**How to complete this task:**
Among the lines below, output only those between the line holding "Falls Sie sich" and the line holding "Curnicciolu lame inox", inclusive, exactly as written and with no pictures.

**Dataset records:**
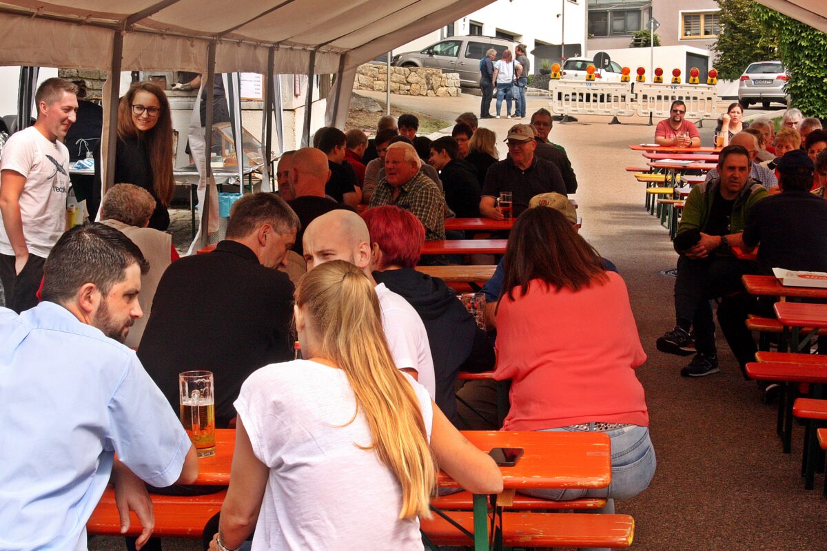 Mittag blieb zum Essen in vielen Familien der eigene Herd ausgeschaltet. Die Helfer am Grillstand waren gefordert. Am begehrtesten war der Spanferkelbraten. Nebenbei gab es auch viele Grillspezialitäten. Zwei aufgestellte Zelte und der Raum im Feuerwehrhaus diente den Gästen und Besuchern als Kommunikations- und Geselligkeitsraum. Am Nachmittag zur Kaffeepause war kaum ein freies Plätzchen zu finden. Für die Kinder war Kurzweil mit einer aufgebauten Hüpfburg, einem Stand zum Dosenwerfen und Kinderschminken angesagt.
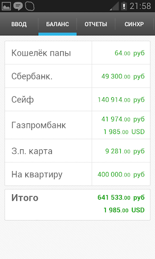 - Возможность вести домашнюю бухгалтерию в многопользовательском режиме.
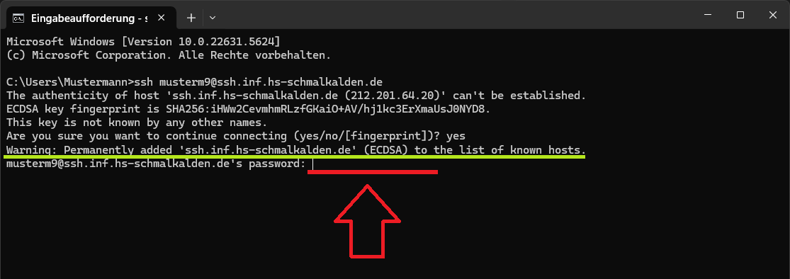 Falls Sie sich zum ersten Mal mit diesem Server verbinden, wird Ihnen nun der Fingerprint des öffentlichen Schlüssels des Servers angezeigt, um Ihnen seine Authentizität nachzuweisen. Vergleichen Sie diese Zeichenkette mit dem exportierten Fingerabdruck im PUB-Verzeichnis, bevor Sie ihn mit yes
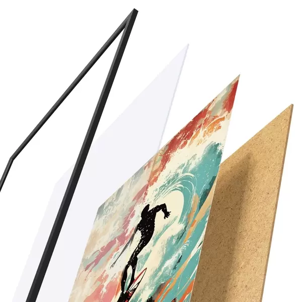 De poster bestaat uit een frame, plexiglas, geprinte afbeelding en spaanplaat achterkant. De poster kan meteen aan de muur worden gehangen dankzij de bevestigingen op de achterkant.
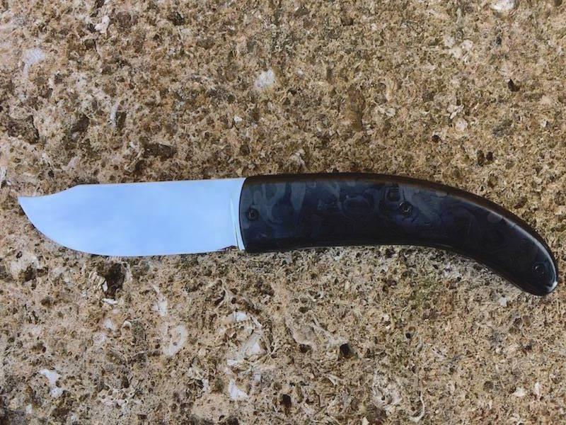Curnicciolu lame inox 1.4528 platine titane ta6v plaquettes resine carbone longueur ouvert 195 mm fermé 110 mm, lame 85 mm
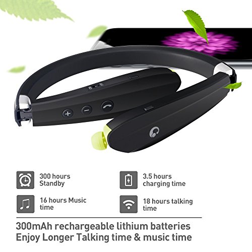 LBell Upgrade Bluetooth Headset, Foldable Bluetooth Headphones with Retractable Earbuds Wireless Bluetooth Earpieces with Mic for iPhone 7 SE 6 6 plus 5 5S and Android Smart Phones (Black + Green)
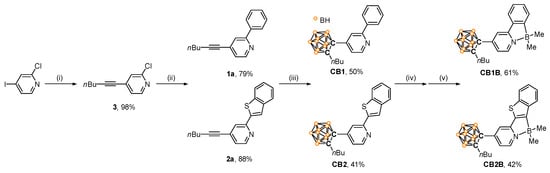 The synthetic pathways for all compounds with an o-carboranyl unit appended at the C4 position of the pyridine ring (CB1, CB1B, CB2, and CB2B) are illustrated in Figure 1. The Sonogashira reaction between 1-hexyne and 2-chloro-4-iodopyridine produces 3 in high yield (98%). After the Suzuki–Miyaura coupling reaction between 3 and phenylboronic acid (for 1a) or benzo[b]thien-2-yl-boronic acid (for 2a), CB1 and CB2 are synthesized via cage formation with decaborane (B10H14) in the presence of Et2S (Scheme 1) [58,63,64,65]. The C∧N-chelated compounds CB1B and CB2B were finally obtained in moderate yield (61% and 42%, respectively) via simple borylation of CB1 and CB2, respectively, with BBr3, followed by treatment with AlMe3.

**Response to this task:**
 Falls Sie sich zum ersten Mal mit diesem Server verbinden, wird Ihnen nun der Fingerprint des öffentlichen Schlüssels des Servers angezeigt, um Ihnen seine Authentizität nachzuweisen. Vergleichen Sie diese Zeichenkette mit dem exportierten Fingerabdruck im PUB-Verzeichnis, bevor Sie ihn mit yes
 De poster bestaat uit een frame, plexiglas, geprinte afbeelding en spaanplaat achterkant. De poster kan meteen aan de muur worden gehangen dankzij de bevestigingen op de achterkant.
Curnicciolu lame inox 1.4528 platine titane ta6v plaquettes resine carbone longueur ouvert 195 mm fermé 110 mm, lame 85 mm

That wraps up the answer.